La Grange is a town in Lenoir County, North Carolina, United States. The population was 2,873 based on the 2010 census. La Grange is located in North Carolina's Inner Banks region.

Geography
La Grange is located at  (35.308583, -77.792118).

According to the United States Census Bureau, the town has a total area of , of which  is land and 0.44% is water.

History
La Grange was named for the French estate of the Marquis de Lafayette, the Château de la Grange-Bléneau. The Herring House, La Grange Presbyterian Church, and La Grange Historic District are listed on the National Register of Historic Places.

Demographics

2020 census

As of the 2020 United States census, there were 2,595 people, 1,133 households, and 732 families residing in the town.

2000 census
As of the census of 2000, there were 2,844 people, 1,211 households, and 768 families residing in the town. The population density was 1,256.4 people per square mile (485.9/km2). There were 1,330 housing units at an average density of 587.6 per square mile (227.2/km2). The racial makeup of the town was 42.86% White, 55.03% African American, 0.35% Asian, 0.04% Pacific Islander, 0.91% from other races, and 0.81% from two or more races. Hispanic or Latino of any race were 1.30% of the population.

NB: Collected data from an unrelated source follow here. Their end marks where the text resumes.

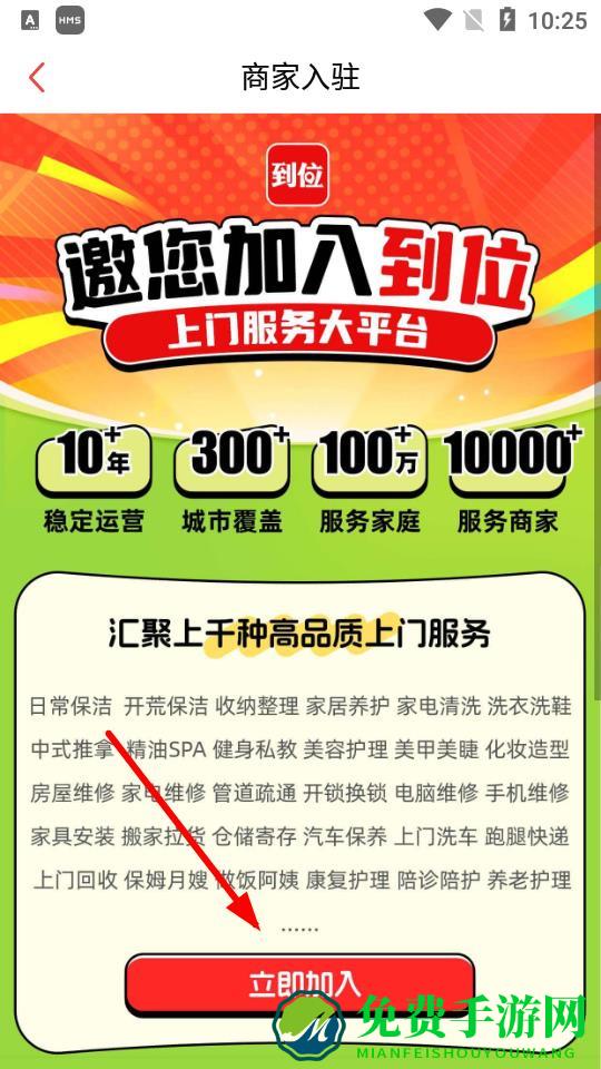 3、在商家入驻介绍页面,找到并点击立即加入的按钮。
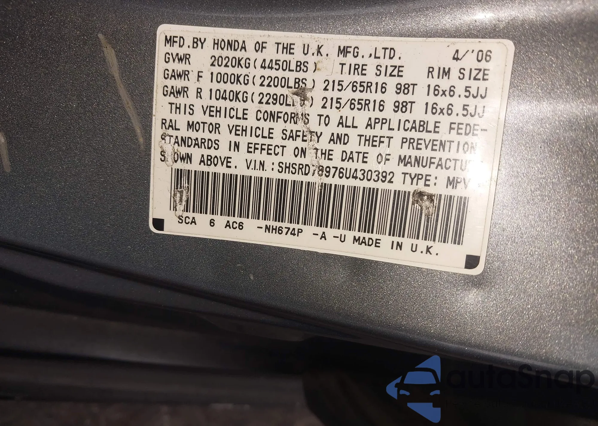 • VIN SHSRD78976U430392
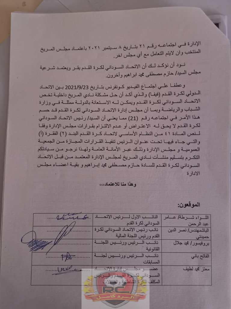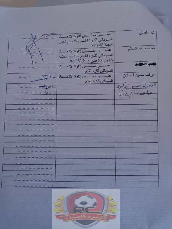 ووقع على المذكرة نواب رئيس اتحاد كرة القدم الأربعة اللواء الدكتور عامر عبد الرحمن ونصر الدين حميدتي والبروفسير محمد جلال والفاتح باني وعدد من اعضاء مجلس إدارة اتحاد الكرة بينهم محمد حلفا ومعتز الشاعر ومعتصم عبد السلام وميرفت حسين والدخيري ومامون بشارة.
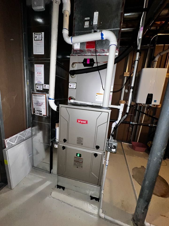 Performing the annual recommended preventive maintenance and cleaning of the high efficiency Bryant gas furnace. Testing its operation and saftey to help ensure a breakdown free heating season. Changing humidifier pad and sanitizing the area. Also, flushing the water to help add longevity to the tanks life.
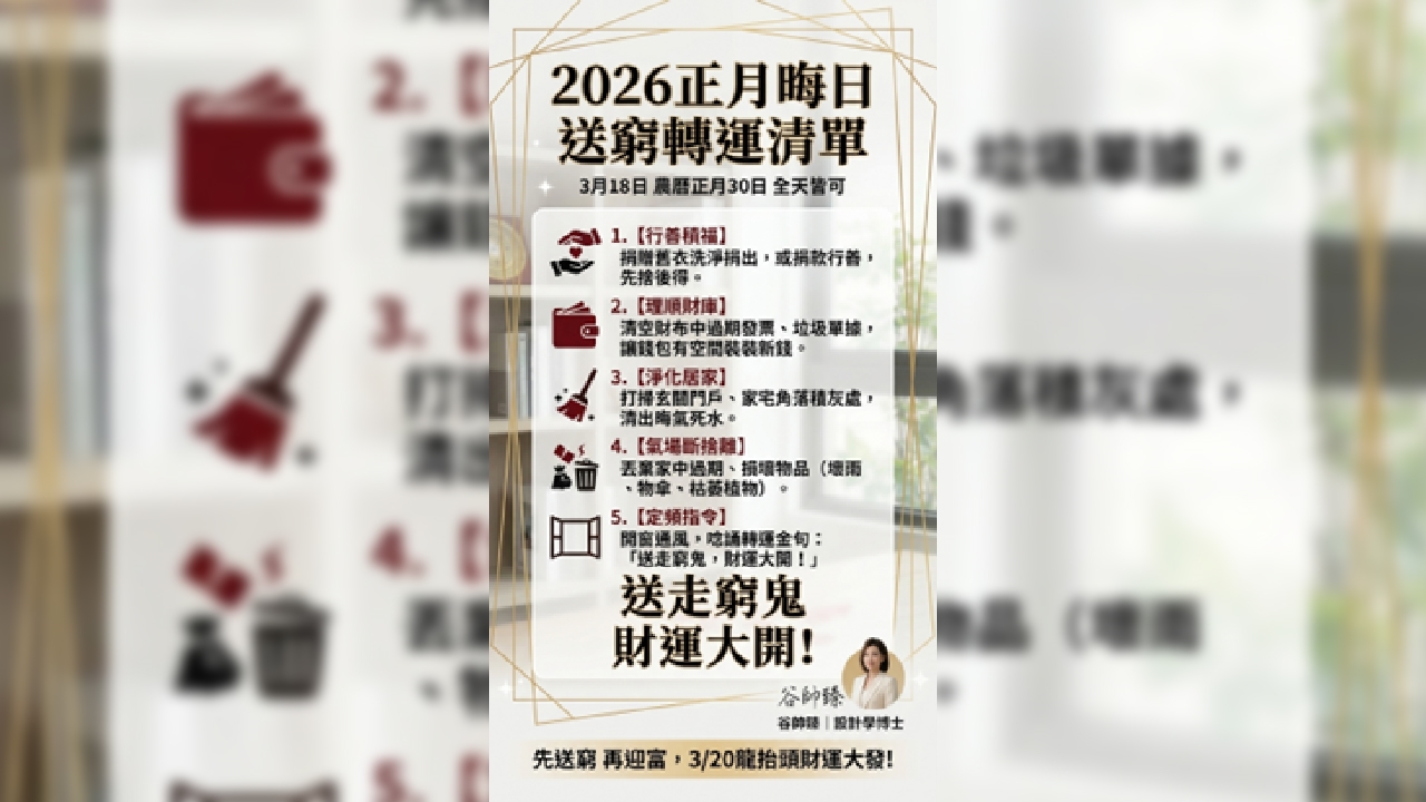 送窮的核心原則:「先捨後得」。當我們願意捨棄舊有、不好的習慣,並行善積德,才有空間容納新的福報與財富。谷帥臻老師提供2026年正月卅晦日送窮迎富完整儀開運步驟。

There were 1,211 households, out of which 27.6% had children under the age of 18 living with them, 40.5% were married couples living together, 19.7% had a female householder with no husband present, and 36.5% were non-families. 33.6% of all households were made up of individuals, and 15.2% had someone living alone who was 65 years of age or older. The average household size was 2.35 and the average family size was 3.00.

In the town, the population was spread out, with 23.6% under the age of 18, 8.2% from 18 to 24, 27.7% from 25 to 44, 24.8% from 45 to 64, and 15.8% who were 65 years of age or older. The median age was 39 years. For every 100 females, there were 82.4 males. For every 100 females age 18 and over, there were 76.3 males.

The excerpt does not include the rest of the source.